The equations are, of course, complicated by the fact that teams have played differing numbers of games, and that the table is therefore determined by average rather than absolute points.
So Excelsior ’20 may currently be three points ahead of their nearest rivals, but since they have played one match more than HCC it’s the difference in the average points (0.12) which is the true margin.
This makes it correspondingly more difficult to calculate how much the leaders will need to do in order to be sure of taking the title, especially since in a summer like this one there’s no guarantee that more matches won’t be lost to the weather.
What we can say, however, is that if Excelsior win all four of their remaining games, they will finish with a points average of 1.71, while the best HCC can do is 1.63.
If Excelsior were to lose just one match, though, they would finish on 1.59 – and that makes the clash between the Schiedammers and HCC at De Diepput on 4 August one of the many four-pointers which are scattered through the coming weeks’ programme.

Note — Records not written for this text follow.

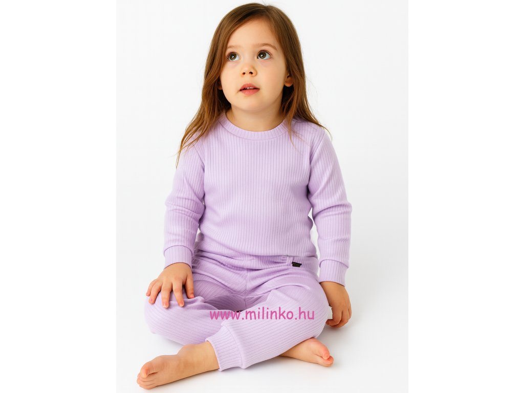 2 részes kislány pamutszett Cool Baby márkától. Hosszú ujjú felsőből és hosszú nadrágból álló bordás pamutszett halványrószaszín színben. Nadrág gumírozott derékkal.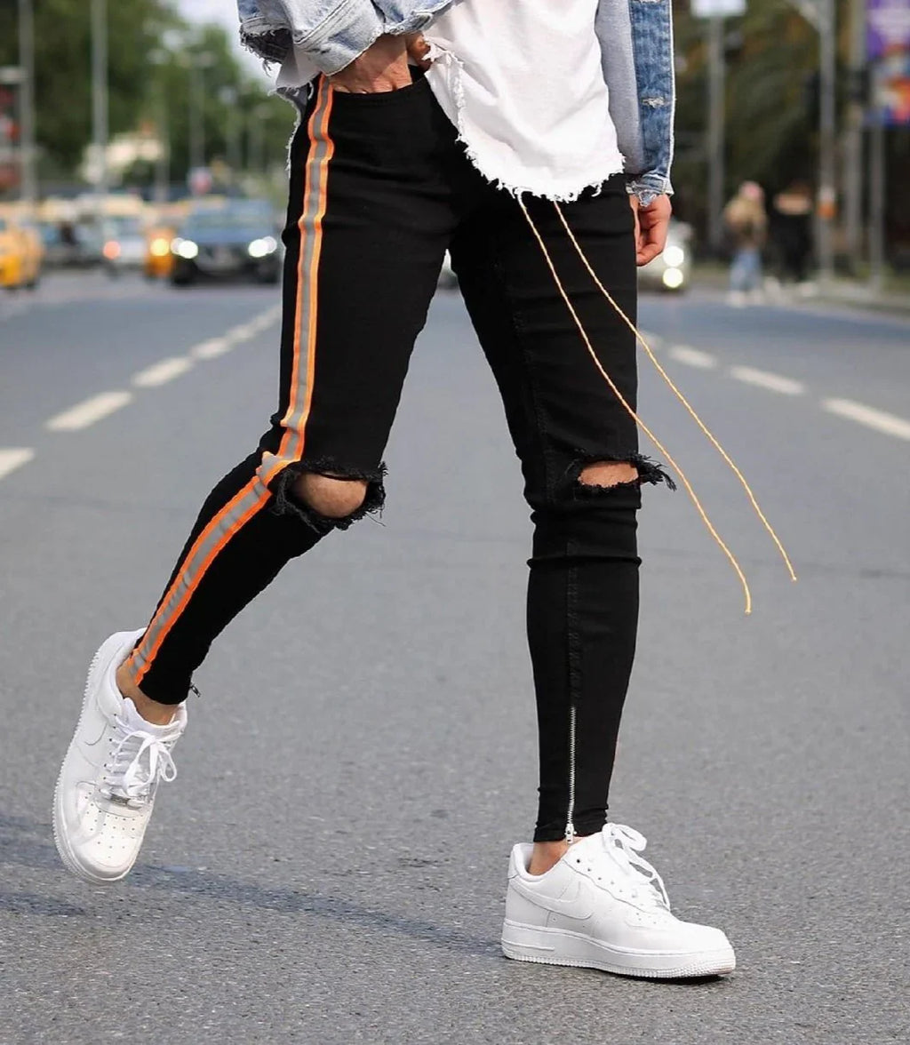 A OrangeLine™ chegou para incendiar o visual urbano com atitude e presença. Seu design único, com faixas laranja vibrantes e rasgos estratégicos, transforma qualquer look em uma declaração de estilo ousado.
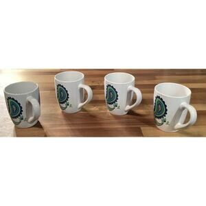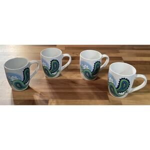 Set of 4 Royal Norfolk Floral Paisley Print Blue & Green Ceramic Coffee Mugs

By the same token, HCC’s away match against ACC the following week is likely to be crucial as well: by winning all four of their remaining games ACC could finish on 1.53, just ahead of HCC even if they won their other three matches, but then they would need Excelsior to have lost two games if they were to become champions.
HBS Craeyenhout, despite their recent defeats, are not mathematically out of the race, but the odds are decidedly not in their favour: not only would they need to win all their remaining matches, including victories over Excelsior (11 August) and ACC (18 August), but they would need Excelsior to lose two further games, and HCC also to lose twice.
At the other end of the table, VRA Amsterdam’s four wins on the trot before their defeat by Dosti United on Sunday have thrown the relegation battle wide open, with just two wins separating current wooden-spooners Quick Haag from Voorburg, in sixth place.
The average points gap is greater than that would suggest, at 0.40, but there are so many matches between the lower sides scheduled for the run in that one is very quickly overwhelmed by possible scenarios.
To take Quick first: of their four games still to play, two are against the sides immediately above them in the table, VRA (11 August) and Sparta 1888 (18 August).
Both are therefore of huge significance if Quick are to escape the drop to the Hoofdklasse.
Sparta 1888 will also meet two of their closest rivals: VRA (4 August) and Quick (18 August), with the latter game perhaps being the one which finally decides which team is relegated.
For those immediately above Quick and Sparta, there is the comfort of knowing that it would now take a marked reversal of form by both of those teams to bring their own status into question.
Just one more win by Voorburg, VOC or VRA would mean that Sparta would have to win three out of four to have any chance of overtaking them, and since both VOC and VRA are due to play the Capelle side they do to a great extent have the outcome in their own hands.
For Quick Haag it’s an ever bigger ask: as well as Sparta, they still have to play Dosti, VRA and VOC, and even three wins would probably only bring them level on points with their rivals, and with a worse points average.
The truth is that it would take an extraordinary combination of events for anyone other than either Sparta or Quick to be relegated, and that their encounter on 18 August will likely be the four-pointer to end all four-pointers.
One thing is certain: we’re in for a more interesting (and for some nerve-wracking) August than many recent seasons have provided.
Very hypothetical scenario: team A wins first match, all other matches from team A have no result. All other teams play more matches, and lose at least one match. Would that imply that team A with points average 2.0 is the champion? Seems a major flaw in the competition regulations.